The 10 students of batch B feel they have some conceptual doubt on circular-permutation. Mr. Mathew called them into the discussion room and asked them to sit down around a circular table which is surrounded by 13 chairs. Mr. Mathew told that his adjacent seat should not remain empty. Then find the number of ways in which the students can sit around a round table if Mr. Mathew also sits on a chair.

Answer 1

Hint: First, before proceeding for this, we must draw the diagram of the condition where on a circular table with 13 chairs let M be the fixed chair of Mr. Mathew and A and B are the adjacent chairs of Mr. Mathew which has to be filled. Then, for the selection of two students to be seated at A and B positions from the total of 10 students with both changing their seat is given by ${}^{10}{{C}_{2}}\times 2$. Then, for the arrangement of the anything within something is always defined by permutation which gives the final result.

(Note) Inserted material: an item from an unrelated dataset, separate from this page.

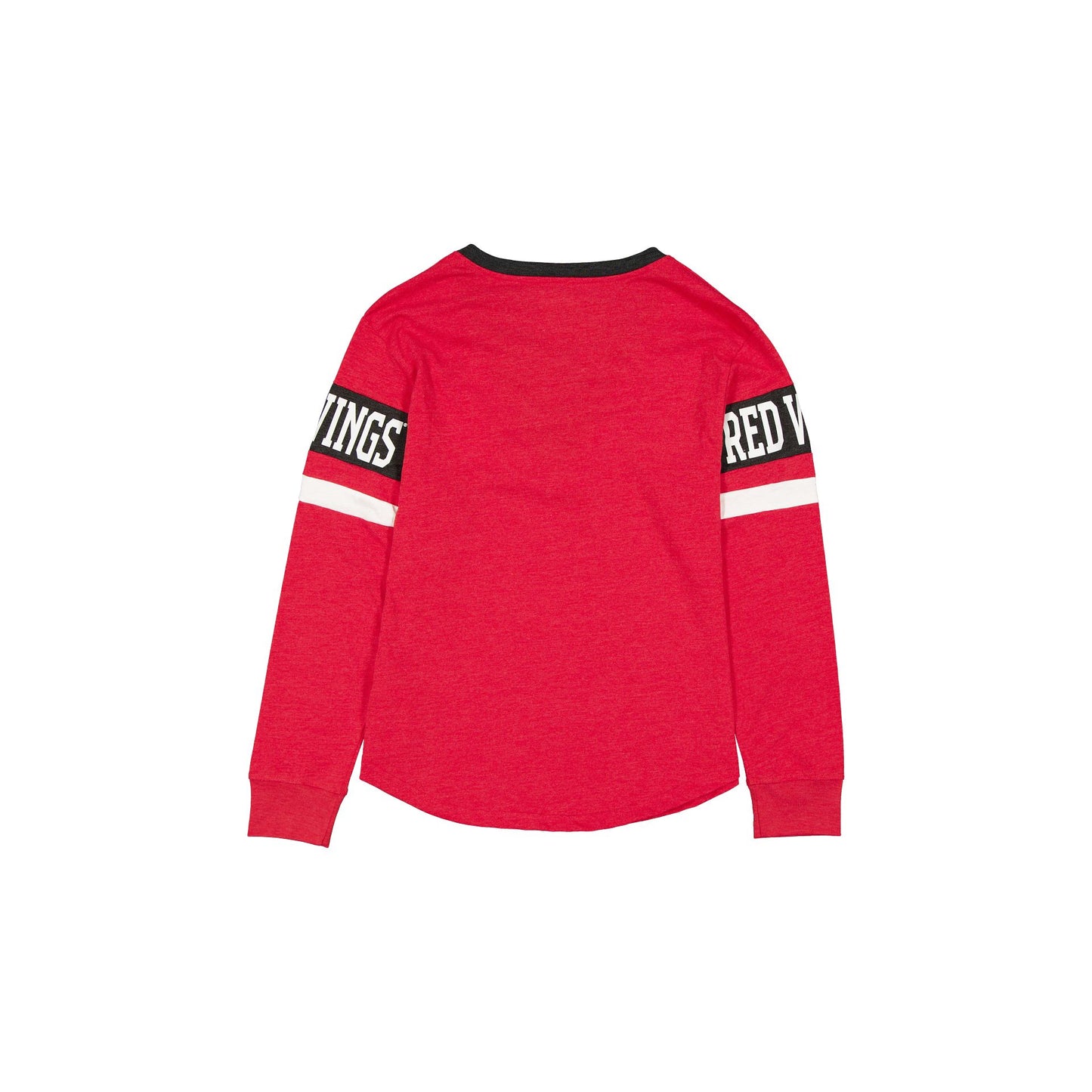 The Detroit Red Wings Throwback Women's V-Neck Long-Sleeve T-Shirt features an embroidered Red Wings logo at the left chest with ties at a v-neckline with varsity stripes and wordmarks at each arm.

Complete step by step answer:
In this question, we are supposed to find the number of ways in which the students can sit around a round table if Mr. Mathew also sits on a chair where 10 students are to be seated in a way so that adjacent chair of Mr. Mathew would not be empty from the 13 total chairs in the room.
So, before proceeding for this, we must draw the diagram of the condition where on a circular table with 13 chairs let M be the fixed chair of Mr. Mathew and A and B are the adjacent chairs of Mr. Mathew which has to be filled as:

Now, for the selection of two students be seated at A and B positions from the total of 10 students is given by:
${}^{10}{{C}_{2}}$
Moreover, we can see that A and B seated students can also interchange their positions, so we get the total arrangement of students adjacent to Mr. Mathew as:
${}^{10}{{C}_{2}}\times 2$
Now, we are left with 10 seats and 8 students and we have to arrange 8 students in 10 seats.
So, for the arrangement of anything within something is always defined by permutation.
Then, for the arrangement of 8 students in 10 seats left is given by:
${}^{10}{{P}_{8}}$
So, now the total number of the ways in which number of ways, in which the students can sit around a round table if Mr. Mathew also sit on a chair where 10 students are to be seated in a way so that adjacent chair of Mr. Mathew would not be empty from the 13 total chairs in room is given by:
${}^{10}{{C}_{2}}\times 2\times {}^{10}{{P}_{8}}$

Hence, the required answer is ${}^{10}{{C}_{2}}\times 2\times {}^{10}{{P}_{8}}$.

Note:
Now, to solve these types of questions we need to know some of the basics of the permutation and combination. So, the formula for the combination which is used for selection is given by
$^{n}{{C}_{r}}=\dfrac{n!}{\left( n-r \right)!r!}$
Also, the formula for the permutation which is used for arrangement is given by:
$^{n}{{P}_{r}}=\dfrac{n!}{\left( n-r \right)!}$